Noté una mano en el hombro derecho. Era Jorge Casona, diputado por Burgos y buen amigo. También Álvaro se unió a nuestra conversación. Estuvimos charlando y riendo hasta que Vicente nos pidió que tomáramos de nuevo asiento. En veinte minutos votaríamos antes de rubricar la Constitución.

<<¿Debo firmar o abstenerme?>> Yo quería un gobierno diferente, porque la constitución traería consecuencias graves para Maríe, una joven nacida en Toulouse que se había trasladado a España con su familia. Éramos amigos desde hacía tres años. Nos conocimos en una plaza de Cádiz: ella sacaba del pozo un cubo lleno de agua cuando se le resbaló la cuerda que lo sostenía y cayó al vacío. Acudí rápidamente a ayudarla. Entonces me di cuenta de que era la mujer más bonita de la tierra.

Con el tiempo nos hicimos muy buenos amigos. Solíamos quedar al lado de una posada que estaba a dos kilómetros de la ciudad. Nos contábamos todo, paseábamos juntos, nos divertíamos y aprendimos a confiar el uno en el otro.

Vicente pidió que nos pusiéramos en pie: había llegado la hora de firmar. Empezó a llamarnos por orden alfabético. Mientras los diputados juraban la nueva Constitución, yo pensaba en el modo de avisar a Maríe. Llegó mi turno, di dos pasos al frente, con seguridad, y sacándome las manos de los bolsillos agarré la pluma sin apartar la vista de los diputados, que me miraban con menosprecio. Tracé mis iniciales y mi firma en aquella Carta Magna de 1812, a la que el pueblo dio por llamar “La Pepa”.
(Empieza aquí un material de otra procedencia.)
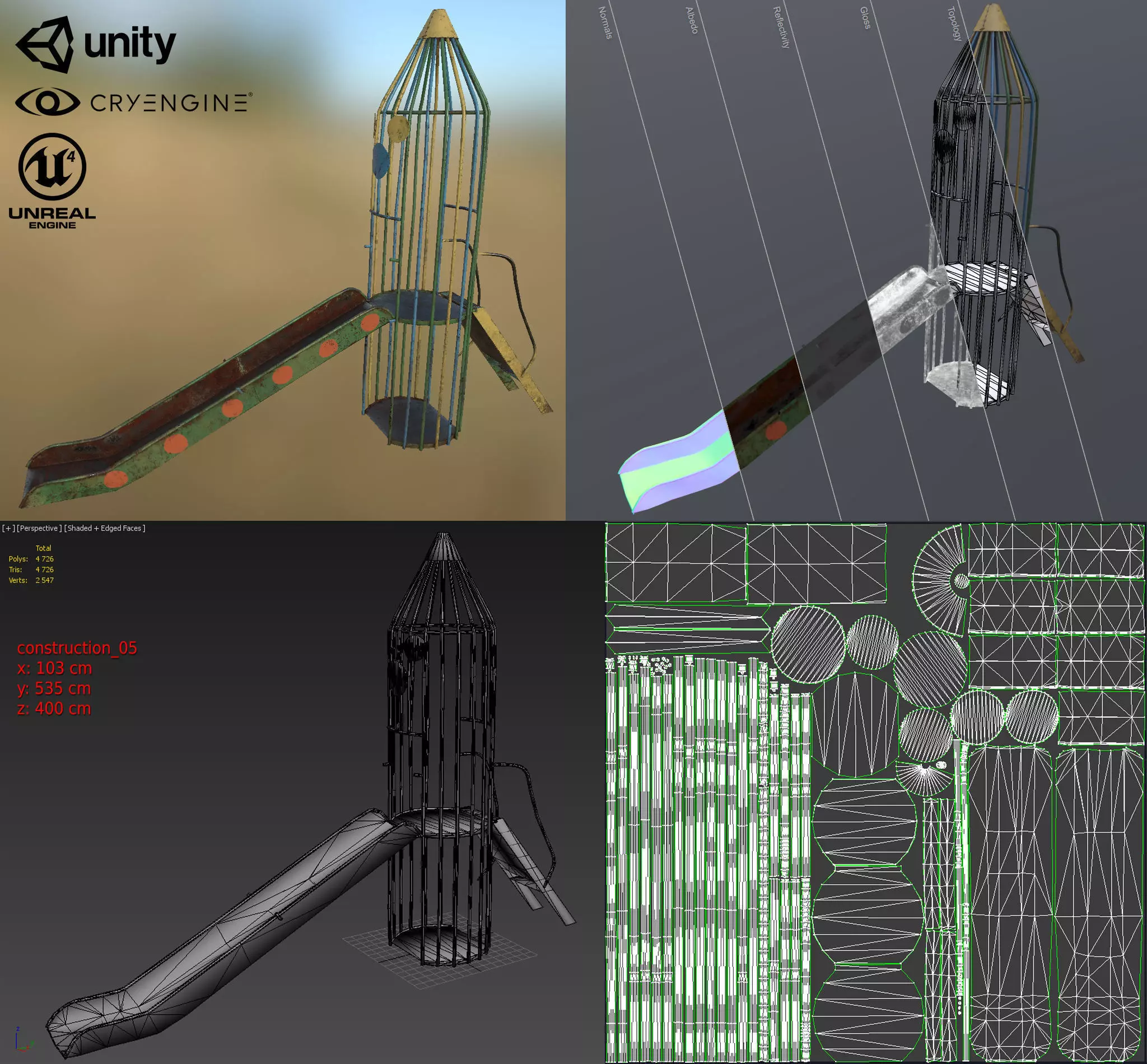Ready for use in game engines such as Unity3d, Unreal Engine 4, CryEngine 5. Normal map was baked from a high poly model. The textures of the model are applied with UV Unwrap. Including OBJ, FBX formats and textures (4096x4096) TGA, TIF Units used: cm, model is x: 103, y: 535, z: 400cm Polygons: 4726 Triangles: 4726 Vertices: 2547

Me dirigí a un cuarto de aseo, Al ver que no había guardas vigilando los pasillos ni la salida, anduve rápidamente hasta la calle en busca de Maríe. Mientras corría hacia su casa. Cómo iba a decirle que se tenía que ir de España. Cómo hacerle saber que yo era uno de los culpables de su marcha.

Llamé a su puerta. Al verla, no me contuve y la abracé. Sentía que sería nuestro último encuentro, la despedida definitiva. Maríe, asustada, me preguntó qué ocurría. Le expliqué todo. Maríe me dio un beso en la mejilla y fue a avisar a su padre.

Volví hacia la Junta con las manos en los bolsillos y mirando al suelo para localizar alguna piedra que patear. Sólo pensaba en mi futuro... Nada sería lo mismo sin ella. .

Subí los escalones de la puerta de entrada. Me aguardaba un aburrido futuro como diputado, un futuro que no elegí....

En ese instante di la vuelta y corrí lo más rápido que pude para alcanzar a Maríe. Juntos huimos a a Francia.